I think the [Baltimore] Ravens are the most famous thing about our town. Well, and Toni Braxton, The Wire, Oprah Winfrey (her first gig as a journalist was in Baltimore,) Jada Pinkett-Smith, and Obay seasoning. Haha. And you can’t forget about our seafood.

You’re living in Nashville now, talk to me about the town, what’s so great about it?

What makes Nashville so great to me is how it honors creativity. I remember intentionally not telling employers in my hometown that I was a musician because I knew I wouldn’t be taken seriously. I knew my dream would be viewed as something that made me seem unreliable or not serious about my life. Living in a town with a music industry kind of eliminated that whole narrative for me. Also, Nashville is big on collaboration, and I appreciate that. We live in such an individualistic society where people aren’t always taught the most effective ways to work well with others – and now I’m suddenly having flashbacks to all my ‘group projects’ in college. [laughs] – I think it’s really cool learning how to engage as part of a much broader community, instead of solely trying to get acclimated to industry culture. 
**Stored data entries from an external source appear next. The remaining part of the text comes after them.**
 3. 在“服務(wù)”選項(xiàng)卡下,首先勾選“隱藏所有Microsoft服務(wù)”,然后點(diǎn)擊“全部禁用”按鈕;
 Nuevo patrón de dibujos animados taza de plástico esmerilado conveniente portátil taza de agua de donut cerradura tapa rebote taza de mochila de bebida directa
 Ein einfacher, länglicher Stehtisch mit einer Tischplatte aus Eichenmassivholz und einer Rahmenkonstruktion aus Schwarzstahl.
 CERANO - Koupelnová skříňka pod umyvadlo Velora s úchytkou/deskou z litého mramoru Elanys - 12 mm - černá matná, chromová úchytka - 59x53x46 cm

What can you tell me about your new song ‘Sorrys Don’t Work No More’?

So my new song, ‘Sorrys Don’t Work No More’ is basically an apology. In this song, I’m the person who was unfaithful to my partner, and I’ve been stepping out on them for so long that now my sorrys can’t fix anything. What prompted me to write this song is that I personally know how it feels to be on the receiving end of infidelity, but I wanted to try and see things from the other side. As hard as it is to hear the truth, it’s probably almost as hard to tell the truth.

‘Damn Right, You’re Wrong’ is a cracking song, who’s it about?
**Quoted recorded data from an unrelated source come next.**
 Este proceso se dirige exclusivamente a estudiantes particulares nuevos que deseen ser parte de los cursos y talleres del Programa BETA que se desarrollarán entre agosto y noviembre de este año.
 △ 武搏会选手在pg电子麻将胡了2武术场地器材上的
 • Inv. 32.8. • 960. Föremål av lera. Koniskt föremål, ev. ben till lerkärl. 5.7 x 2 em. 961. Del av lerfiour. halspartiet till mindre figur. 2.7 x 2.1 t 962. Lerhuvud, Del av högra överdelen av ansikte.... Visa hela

It’s mainly about myself. It’s a song about adult peer pressure and fluctuating self esteem. I’ve struggled with both most of my life. What I’ve learned is that when people realize that about you, you become an easy target for manipulation and the biggest people pleaser in the room. And everybody but you sees it right away. Every day, I’m working hard to become less of that sort of person. Though it’s sometimes hard trying not to put yourself in the position to be used when really you just want to be a fun, giving person who feels like they actually belong somewhere.


What’s your process for writing songs?

Honestly, it varies. Sometimes I hear a lyric idea first. Other times, it’s just a melody in my head. I write down lyrics all the time in my phone. And I utilize my voice memo app for any and everything just so I can go back to it. When collaborating, I listen a lot to the stories and experiences being shared in the room. There’s usually a song in there somewhere. 

You mentioned an EP earlier…

Wellllll, I’m releasing my final song for my current EP next month. I actually just got the master recording back for it a few days ago. So I’m really eager to share it with everyone. It’s a song about mass shootings. It’s one of the most heartbreaking songs I think I’ve written. I hope it hits home for a lot of us who are basically desperate to not be scared to go to school, church, the movies, or basically anywhere without the possibility of having to live our final moment, take our last breath in front of a bullet. 

What’s the biggest challenge as a new artist starting out, particularly in Nashville?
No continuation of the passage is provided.